Pakistan’s Central Bank Continues Easing Monetary Policy
The State Bank of Pakistan (SBP) has reduced its key policy rate by 200 basis points (bps) to 13%, marking the fifth consecutive cut since June 2024 when the rate was at 22%. The new policy rate will take effect from December 17, 2024, signaling continued easing of the country’s monetary stance.
Key Developments and Inflation Insights
The Monetary Policy Committee (MPC) stated that headline inflation fell to 4.9% year-on-year (y/y) in November 2024, in line with their expectations. This decline was primarily due to the drop in food inflation and the diminishing effects of the gas tariff hike in November 2023.
However, the committee also highlighted that core inflation remained persistent at 9.7%, with inflation expectations among consumers and businesses continuing to be volatile. The MPC emphasized that inflation may remain unpredictable in the short term before stabilizing within the target range of 5–7%.
Economic Growth and External Pressures
Despite inflation concerns, the growth outlook has shown some improvement, evidenced by recent upticks in high-frequency economic indicators.
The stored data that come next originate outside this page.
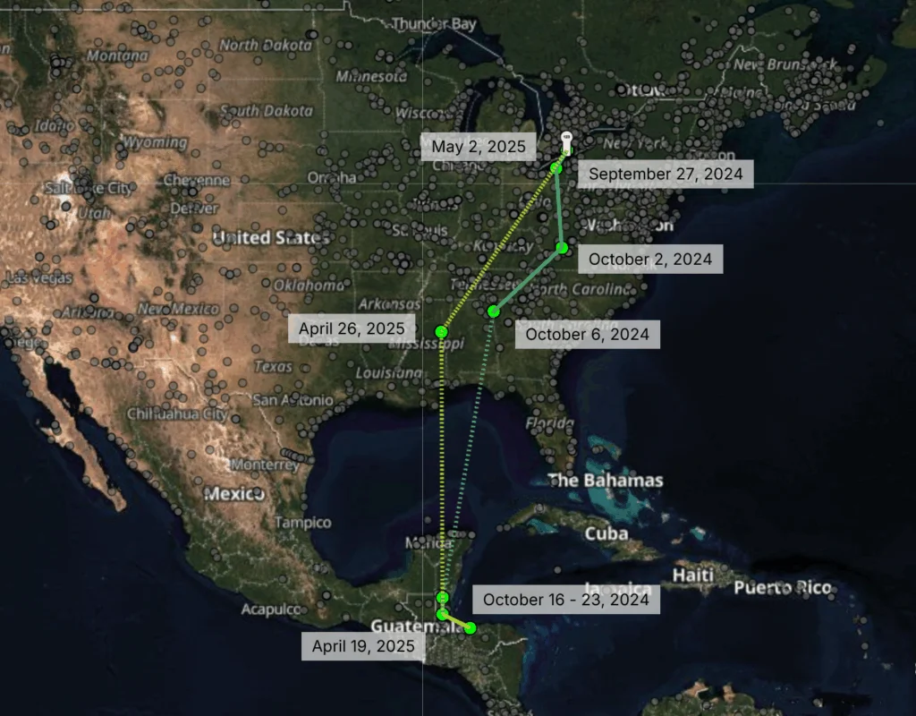 It’s unknown when he made it to Argentina, but in January and February 2025, he was near Mar Chiquita, a saline lake in the central part of the country. When the time came to migrate north, a Motus station in Guatemala picked up his signal on May 4; two days later, he passed Roma, Texas, in the Lower Rio Grande Valley. Later that month, a station north of Denver, Colorado, detected him, and on May 22, he arrived near where he started, at the Great Salt Lake Shorelands Preserve.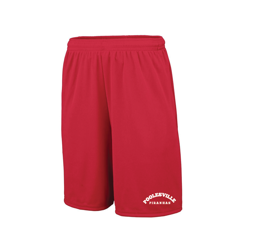 DESCRIPTION: 100% polyester wicking knit with color secure® technology that helps prevent dye migration Wicks moisture Odor resistant Tagless label 2-inch brushed back elastic waistband with inside drawcord Side seam pockets Side vents 8-inch inseam Youth inseam graded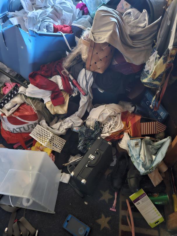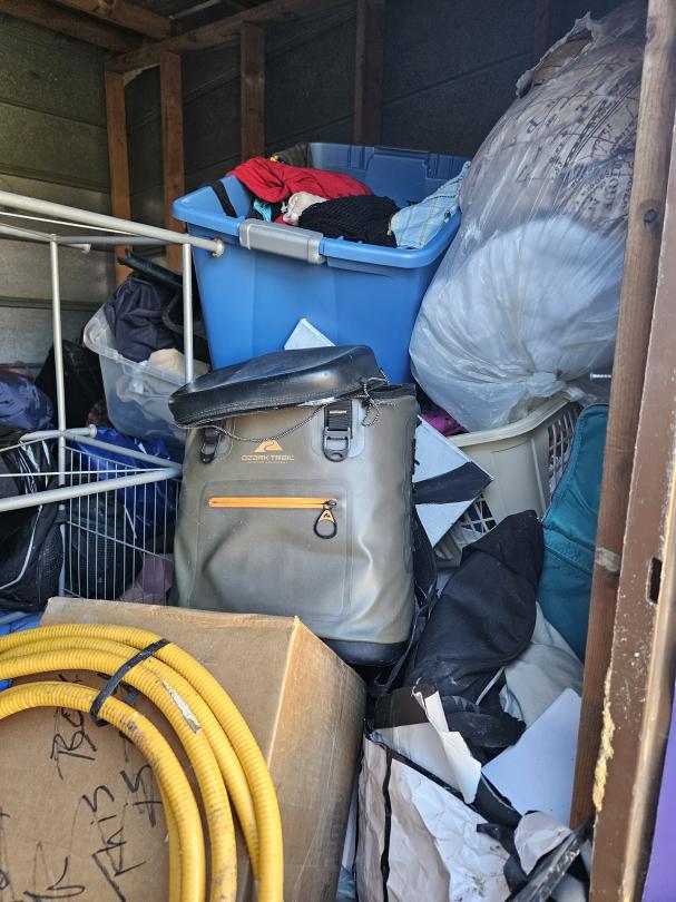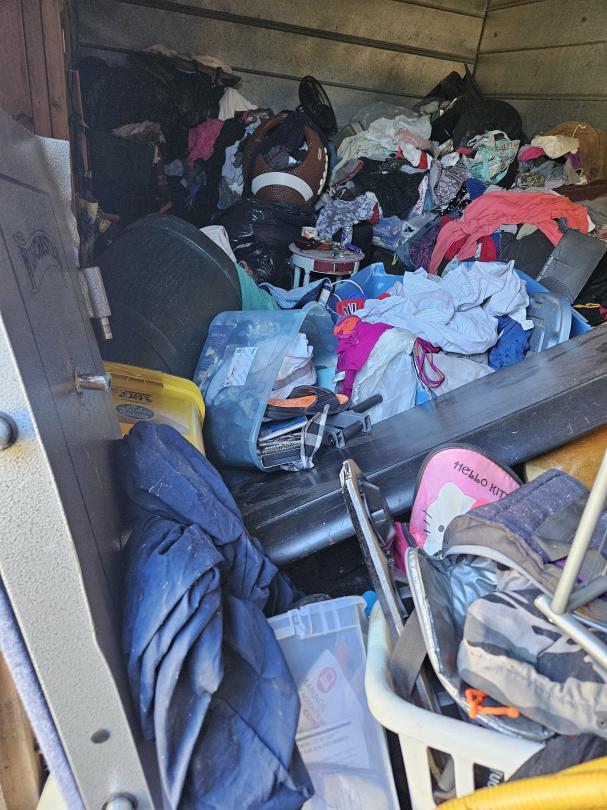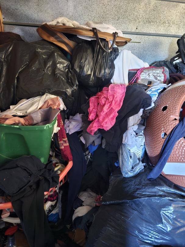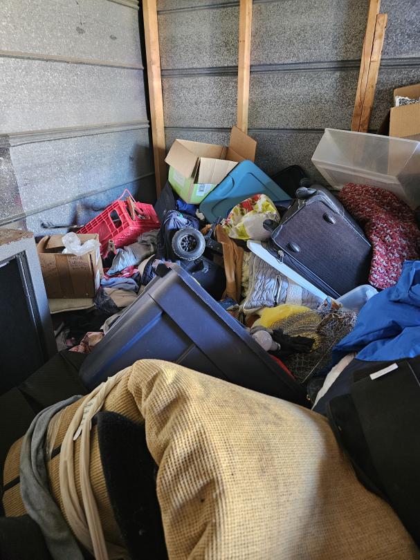 This unit appears to contain…10x20 unit with a mountain of stuff piled high! Will definitely need a haul off trailer to remove the belongings that are not wanted.

The MPC believes that its strategy of measured policy rate cuts is helping balance inflationary pressures and external account challenges, while fostering sustainable economic growth.
Positive Economic Developments
- Current Account Surplus: The current account posted a surplus for the third consecutive month in October 2024, contributing to an increase in SBP foreign exchange reserves, which now stand at $12 billion.
- Favorable Global Commodity Prices: Positive global commodity price trends have eased domestic inflation and reduced the import bill.
- Credit Expansion: There has been a significant increase in private sector credit, driven by the easing of financial conditions and banks meeting their advances-to-deposit ratio (ADR) targets.
Tax Revenue Shortfall and Future Outlook
The MPC noted that the tax revenue shortfall has widened beyond targets. However, the committee remains optimistic that the cumulative impact of its rate cuts since June will continue to support economic recovery over the next few quarters.
The real policy rate remains positive, with the MPC aiming to stabilize inflation within its target range of 5–7%.
Market Reactions and Expert Predictions
Most market experts had anticipated a monetary easing approach by the SBP, as the slowing inflation rate fueled expectations for a fifth consecutive rate cut. Brokerage houses such as Topline Securities and Arif Habib Limited (AHL) predicted a 200bps cut.
Khurram Schehzad, the newly-appointed Advisor to Finance Minister on Economic and Financial Reforms, noted that the decelerating inflation rate would lead to further monetary easing, reducing the cost of capital for businesses and improving the government’s fiscal balance.
Previous Economic Trends and Current Position
In the November 2024 MPC meeting, the SBP had already reduced the policy rate by 250bps. Since then, the Pakistani rupee depreciated slightly by 0.1%, and petrol prices increased by 1.5%.
On the international front, oil prices have slightly decreased, hovering above $70 per barrel amid subdued demand.
As of December 6, 2024, SBP foreign exchange reserves stood at $12.05 billion, while the country’s total liquid reserves were at $16.60 billion. Commercial banks held $4.55 billion in net foreign reserves.
Conclusion
The SBP’s monetary easing stance reflects a commitment to balancing inflation management, supporting economic growth, and addressing external account pressures. The continued interest rate cuts are expected to positively impact the cost of capital for businesses and government fiscal health in the coming months.